Blog

What the iOS vulnerability really means

Written by sreedwilson | February 25, 2014 8:41:38 PM Z

Hopefully by now you have updated all of your iOS devices.  Over the course of the last few days I have discussed this security update with lots of customers and thought I would share my perspective with you.

1) This security flaw basically means that any data that should have been sent securely was susceptible to interception.  It could be harmless data like your calendar information or more meaningful data such as banking data.

2) The update as of now only helps people who are using iPads, iPhones, or iPods.  If you are using a Mac – there is no fix yet.

3) Apple is really not doing a great job of letting people know how serious this is – given that over 421,000,000 iPhones have been sold since 2008 this is a huge, huge issue.  Microsoft, by comparison, does an excellent job of letting IT professionals know when out of band (very serious patches) are released.

4) Almost every SMB has a liberal BYOD (bring your own device) policy and most are unwilling to spend money to control and secure these devices.  This puts their business data at risk for breach (and their business at risk for a lawsuit).

5) This is just the beginning. Just as Windows XP was an extremely popular OS that was used by the masses – so goes the iPhone.  Just as Windows XP was an excellent target for hackers in its early days – so goes the iPhone.

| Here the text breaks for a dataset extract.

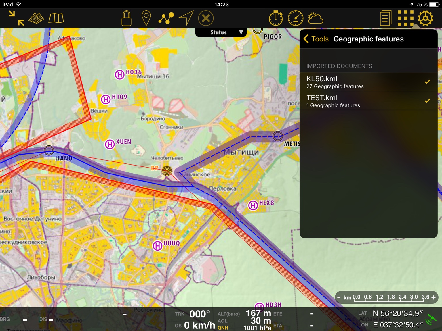 В тестовых целях я экспортировал КЛ-50 из Google Earth и залил в Air Navigation. С первого раза не получилось, так как я в опциях экспорта не указал цвет МВЛ. Поэтому она не отобразилась на экране. А как только указал красный цвет (для примера), то МВЛ сразу появилась на экране. См скриншот #3.
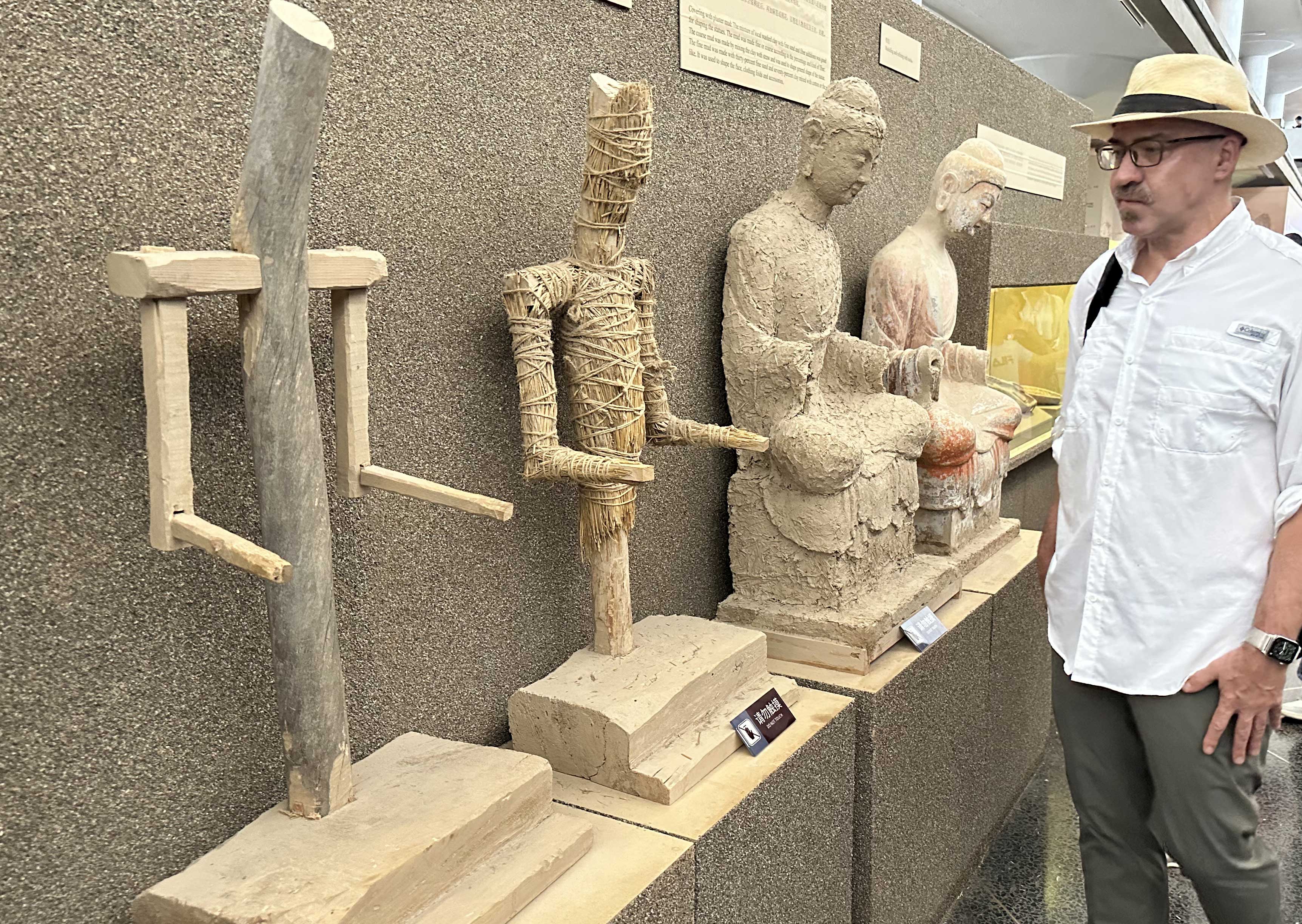 2025年8月8日,史瀚文在敦煌石窟文物保护研究陈列中心研究彩塑的制作过程。中新社记者 冯志军 摄

There are ways you can protect yourself and your business from threats like these:

1) You should have language in your employee handbook that says that addresses employees who connect personal devices to work resources.  We suggest language that says you reserve the right to wipe the device (and its contents) at any time.

2) You should put together a mobile device management strategy for the multitude of devices that employees use to connect to work resources.  A good strategy will allow you at least pinpoint devices that are out of compliance.  A great strategy will allow you to push updates to connected devices.

3) Use this as an opportunity to discuss security with all of your employees.  You can have the best security systems in the word – but 9 times out of 10 good security starts with good education.

PS: If you are still running Windows XP – think about this: After April 15th Microsoft will no longer be releasing security updates for Windows XP.  So if you fast forward just 2 months and shift this security flaw from iOS to Windows – there would be no coming fix! Get those Windows XP machines upgraded to Windows 7 or Windows 8 ASAP!